Ml Landscape - Learning Module

Loading content...

0/245

Clustering Problems

Discovering Structure in Unlabeled Data

Clustering occupies a unique position in machine learning—it seeks to discover structure without being told what to find. Unlike regression and classification where labels guide learning, clustering must identify natural groupings from data alone. This is unsupervised learning in its purest form.

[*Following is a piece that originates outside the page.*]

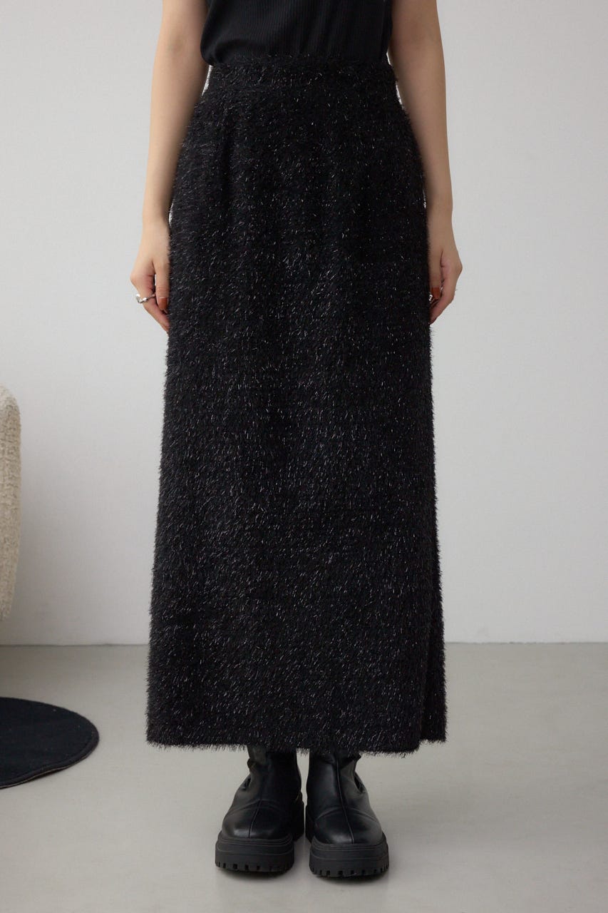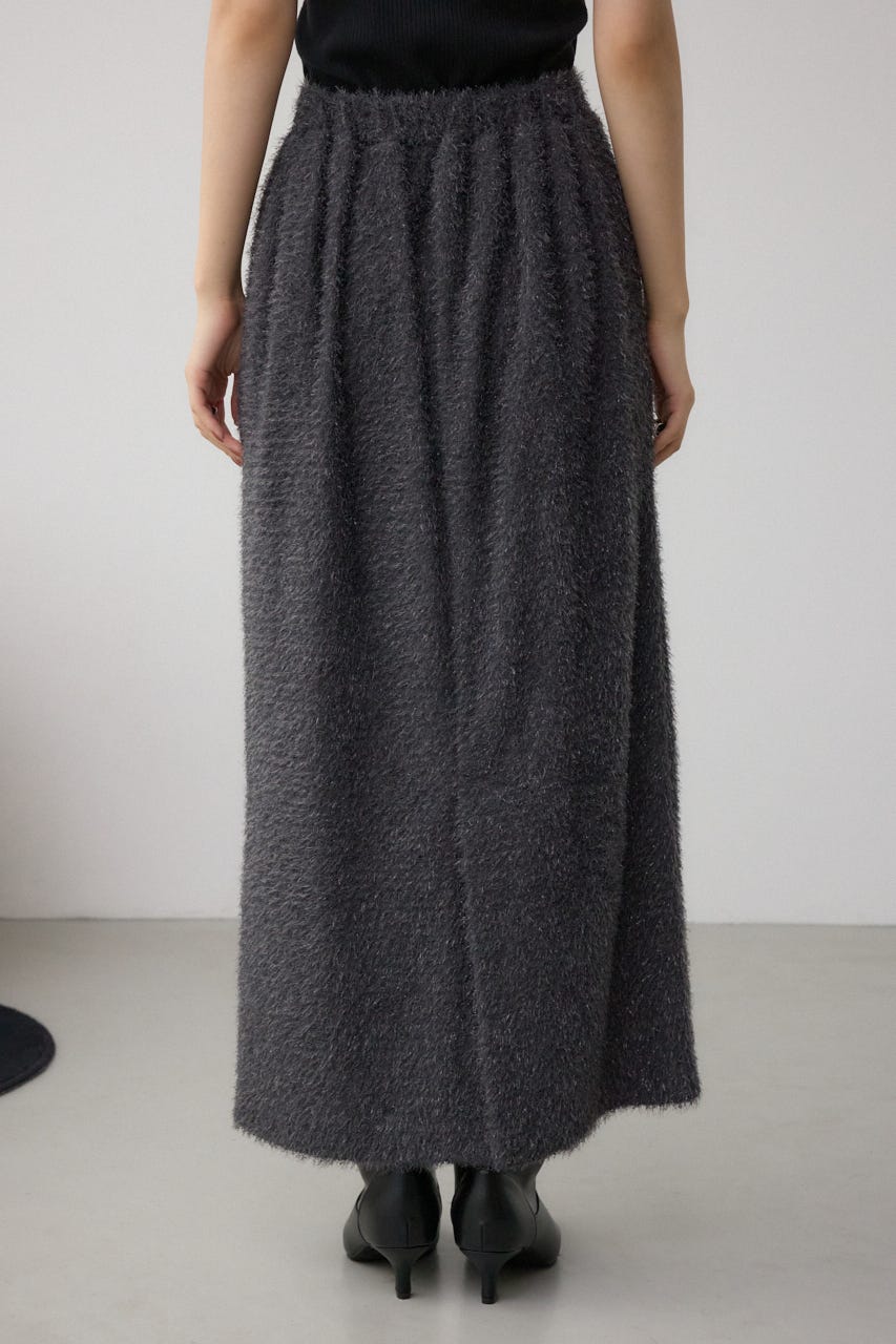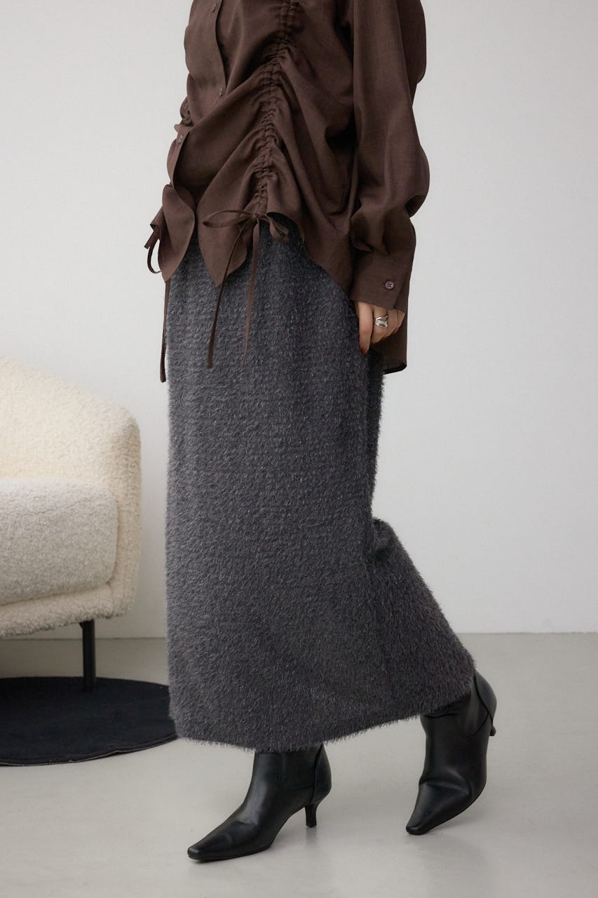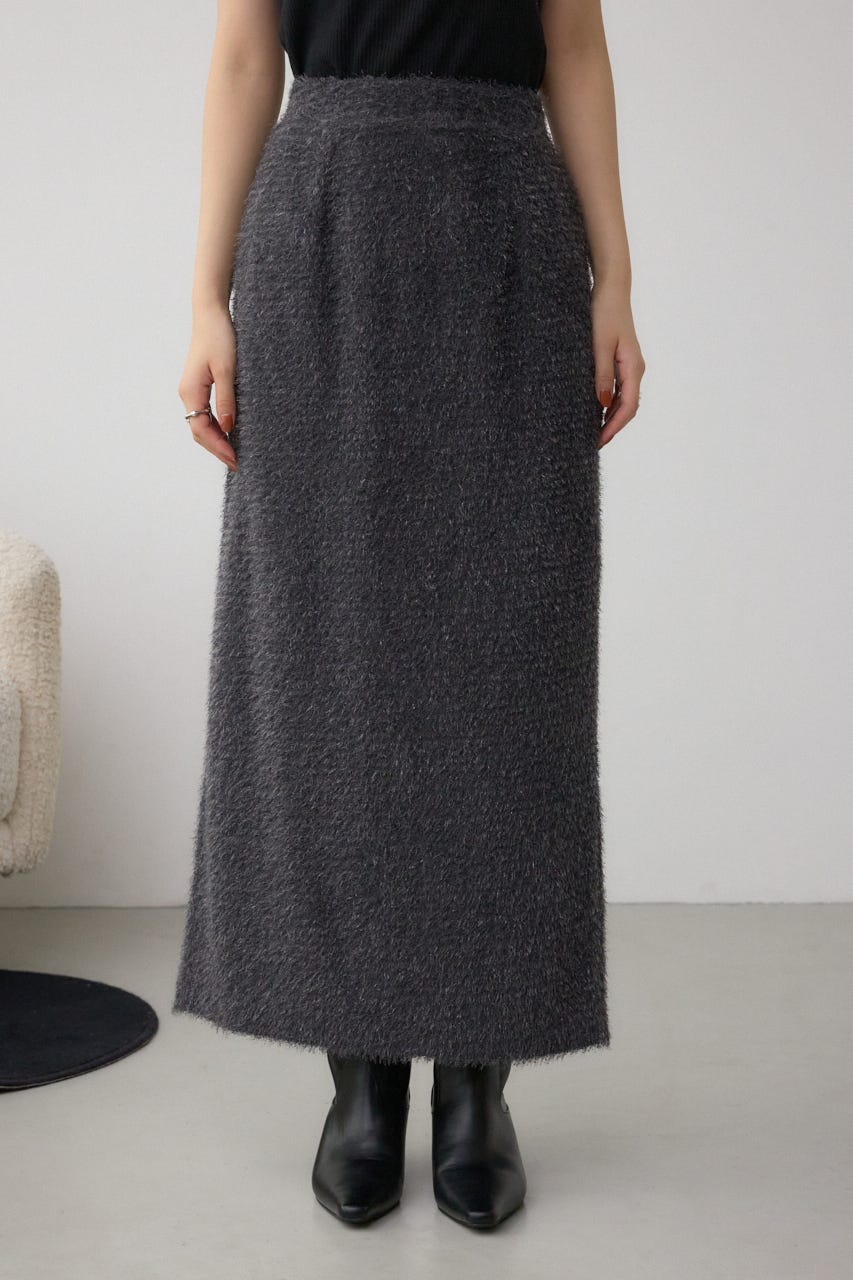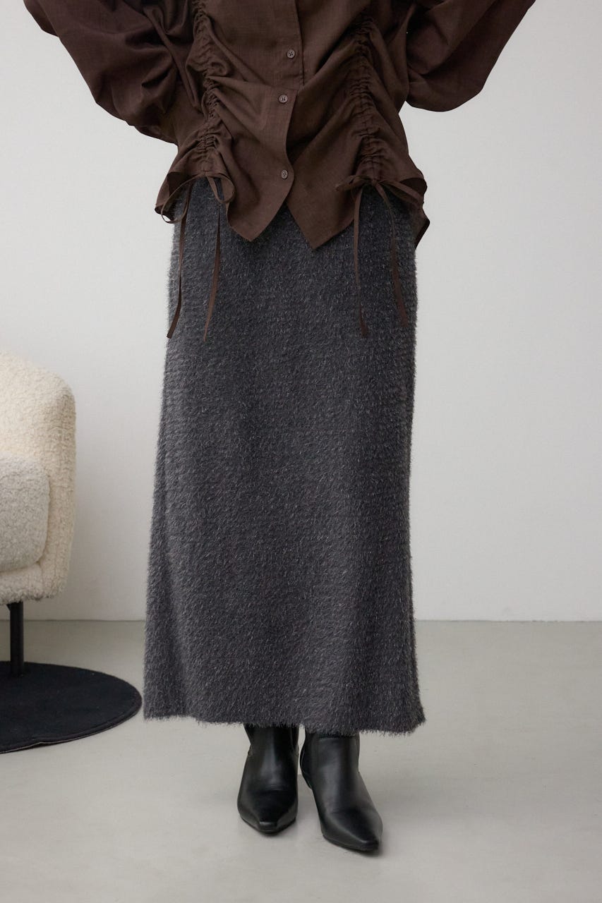 トレンド感のあるシャギー素材で、大人可愛い雰囲気を演出するロングスカート。

Clustering answers questions like:

What distinct customer segments exist in our user base?
How do these gene expression patterns naturally group?
What are the main themes in this document collection?
Which images are visually similar to each other?
Are there anomalies that don't fit any natural group?

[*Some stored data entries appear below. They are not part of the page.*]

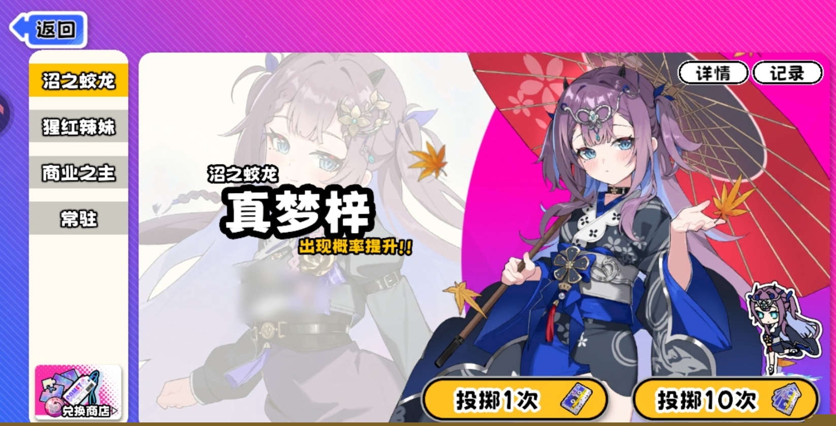 游戏内卡池分为两类:常驻卡池与限定UP卡池。常驻池开放全部已实装角色,各角色基础出率均等,且不支持定向选择;而UP卡池虽同样涵盖全角色池,但当期UP角色享有概率加成。所有卡池均使用抽奖劵进行抽取,且统一设置40抽必得一名角色的保底规则。需注意的是,不同卡池保底独立计算,UP卡池不设“必出UP角色”的硬性保底,而是采用星之积木累计兑换机制。
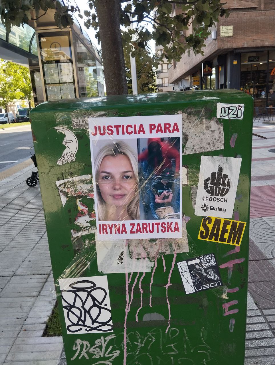 Activistas de la asociación han distribuido carteles en Iruña/Pamplona, Nafarroa, reclamando justicia para la joven ucraniana Iryna Zarutska.
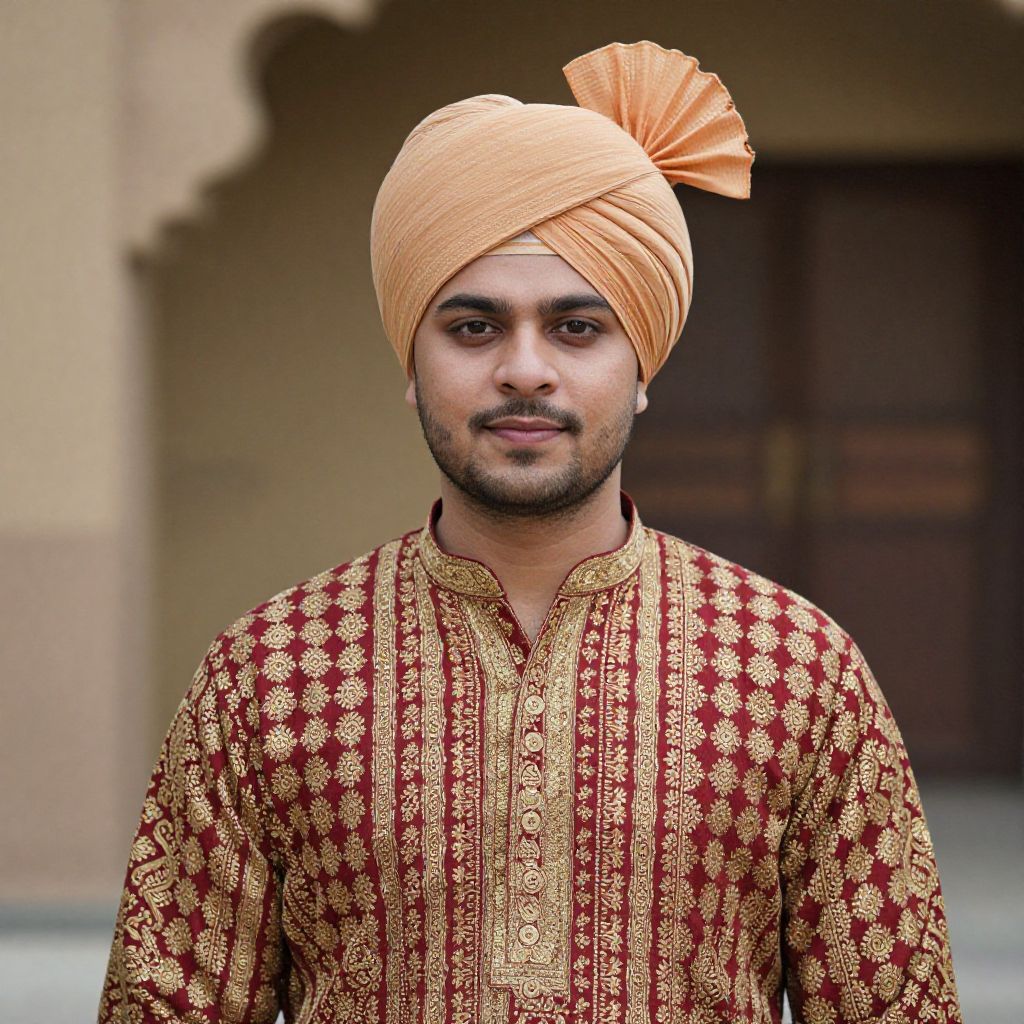 Man in Punjabi Suit in Courtyard

The absence of labels is both liberating and challenging. There's no ground truth to optimize against—success depends on whether discovered structure is meaningful and useful for downstream tasks.

What You Will Master

By the end of this page, you will understand clustering at a foundational level: formal definitions and objectives, major algorithmic paradigms (partitional, hierarchical, density-based, model-based), the critical role of distance metrics and feature scaling, cluster validity measures, and practical considerations for applying clustering effectively. This knowledge enables you to discover meaningful structure in any unlabeled dataset.

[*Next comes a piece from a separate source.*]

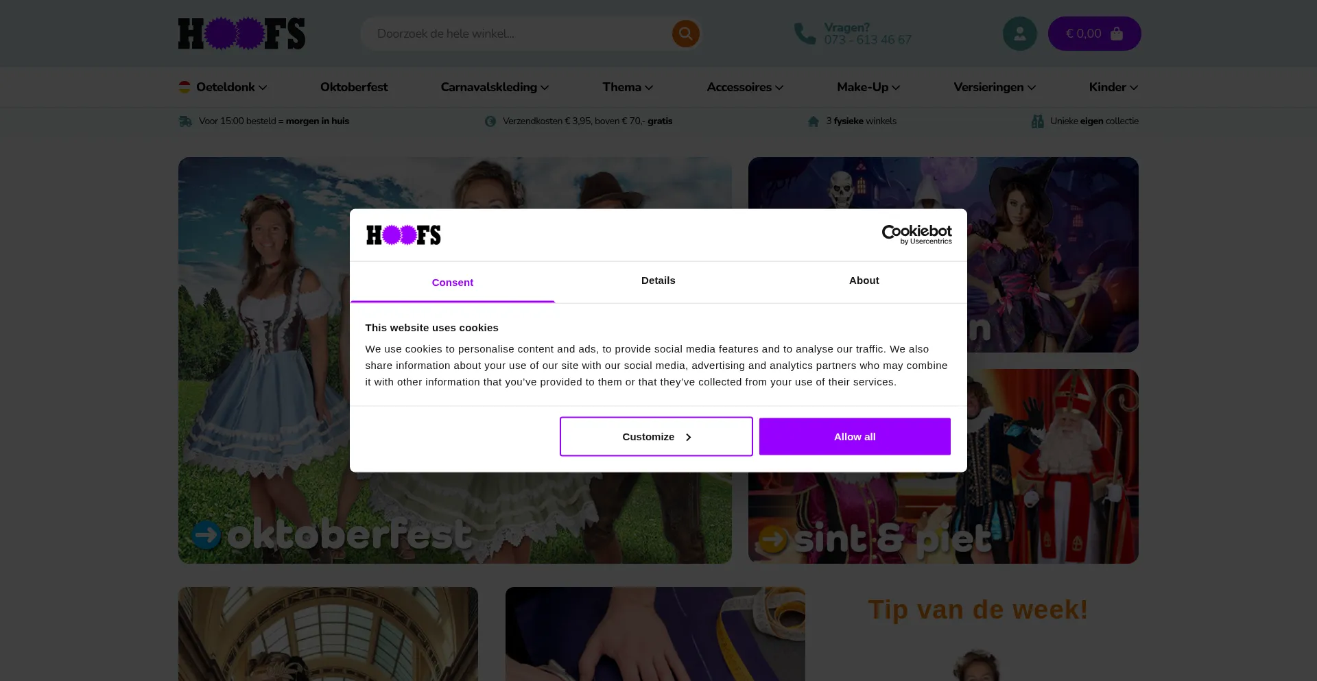 该网站实现符合GDPR或CCPA等隐私法规的cookie同意机制。这表明 hoofs-feestkleding.nl 遵守数据保护标准并为用户提供对个人数据收集实践的控制。

Formal Definition of Clustering

Formalizing clustering is surprisingly subtle. Unlike supervised learning where objective functions are clear, clustering objectives admit multiple valid formulations.

The Basic Setup:

Given a dataset $\mathcal{D} = {x_1, x_2, \ldots, x_n}$ where each $x_i \in \mathbb{R}^d$, clustering seeks a partition: $$\mathcal{C} = {C_1, C_2, \ldots, C_K}$$

such that:

Each point belongs to exactly one cluster: $\bigcup_{k=1}^{K} C_k = \mathcal{D}$
Clusters are non-overlapping: $C_i \cap C_j = \emptyset$ for $i \neq j$
Clusters are non-empty: $C_k \neq \emptyset$ for all $k$

Soft vs. Hard Clustering:

Hard clustering assigns each point to exactly one cluster.

Soft (fuzzy) clustering assigns membership probabilities: $p_{ik}$ = probability that point $i$ belongs to cluster $k$, with $\sum_k p_{ik} = 1$.

Soft clustering is more flexible and often more appropriate—real data often admits ambiguous assignments.

Objective Functions:

Different clustering algorithms optimize different objectives:

Compactness-based (within-cluster distances small): $$\min_{\mathcal{C}} \sum_{k=1}^{K} \sum_{x_i \in C_k} |x_i - \mu_k|^2$$

where $\mu_k$ is the centroid of cluster $k$. This is the k-means objective.

Separation-based (between-cluster distances large): Maximize $\sum_{k < l} |\mu_k - \mu_l|^2$

Ratio-cut and Normalized-cut (graph-based): Minimize edges cut between clusters while keeping clusters balanced.

Likelihood-based (probabilistic models): $$\max_\theta \sum_{i=1}^{n} \log \sum_{k=1}^{K} \pi_k \cdot p(x_i | \theta_k)$$

This is the Gaussian Mixture Model (GMM) objective.

No Universal Clustering Objective

There is no single 'correct' clustering objective. Different objectives encode different assumptions about what makes a good cluster. K-means assumes spherical clusters of similar size. DBSCAN assumes clusters are dense regions separated by sparse regions. Hierarchical clustering assumes nested structure. Choose the objective that matches your understanding of the domain.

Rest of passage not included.